Optimization Techniques

There are two main optimization techniques, which are Mathematical Programming (MP) and Constraint Programming (CP).

Technique Mathematical (MP) Constraint (CP)
Branch Applied Mathematics Computer Science (ie Logic Programming)
Root analytical geometry symbolic logic and Artificial Intelligence (AI)
Uses matrix algebra equations, continuous mathematics and numerical methods form the core Logic Programming & Object Oriented Software engineering
Assisted a large number of algorithms and heuristics (rules of thumb) appropriate for detailed scheduling problems and certain combinatorial optimization problems when there are too many possible combinations or too many individual constraints regarding sequence and timing for MP to find a solution in an acceptable timeframe.

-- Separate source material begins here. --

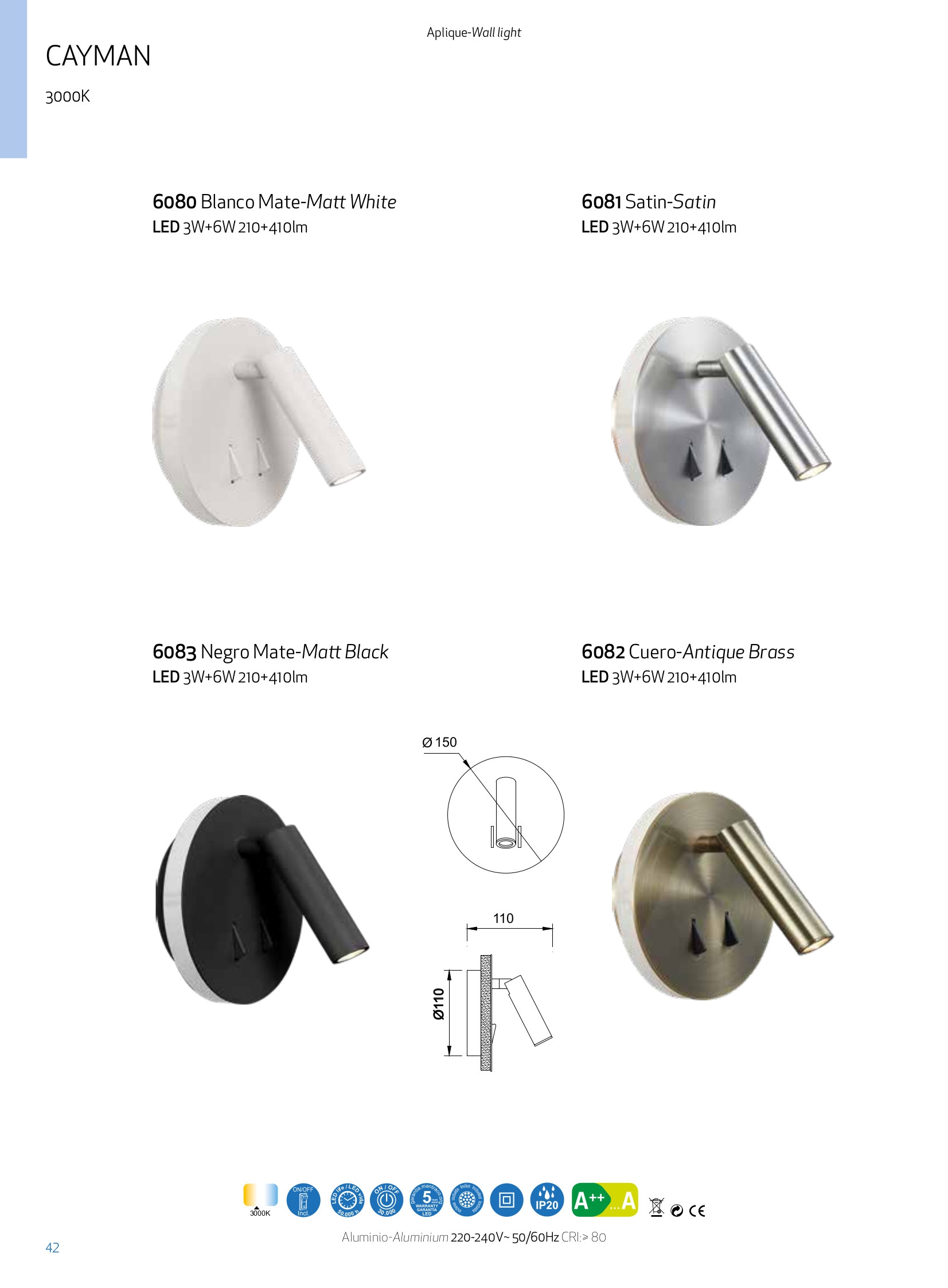 Осветителното тяло 6083 Matt Black 3+6W 3000K 620lm CAYMAN ще осигури комфорт и естетика във всяко помещение, в което се постави. Цялостната визия и дизайн на лампата и вложените в изработката й материали, като алуминий в матирано черно, акрил, ще допринесат за един неповторим стил. Благодарение на дългогодишния опит, качествените материали и строгия контрол на качеството на изработка на производителя Mantra (Испания), 6083 Matt Black 3+6W 3000K 620lm CAYMAN е на високо европейско ниво.

Excels at finding the optimal plan or schedule finding feasible solutions to large scheduling problems with thousands of individual constraints
Optimality applying equations to a large search space of potential solutions finding feasibility first, rapidly eliminating possibilities, zeroing in on feasible combinations of resource assignments and activities, based on the systematic comparison of new solutions to a base feasible solution.
Application linear programming (LP), integer programming (IP), Quadratic programming (QP), mixed-integer programming (MIP), MIQP, etc Gantt chart. A time-honoured way to visualise a complete picture of all of the available resources and all of the necessary activities done using the available resources over a period of time.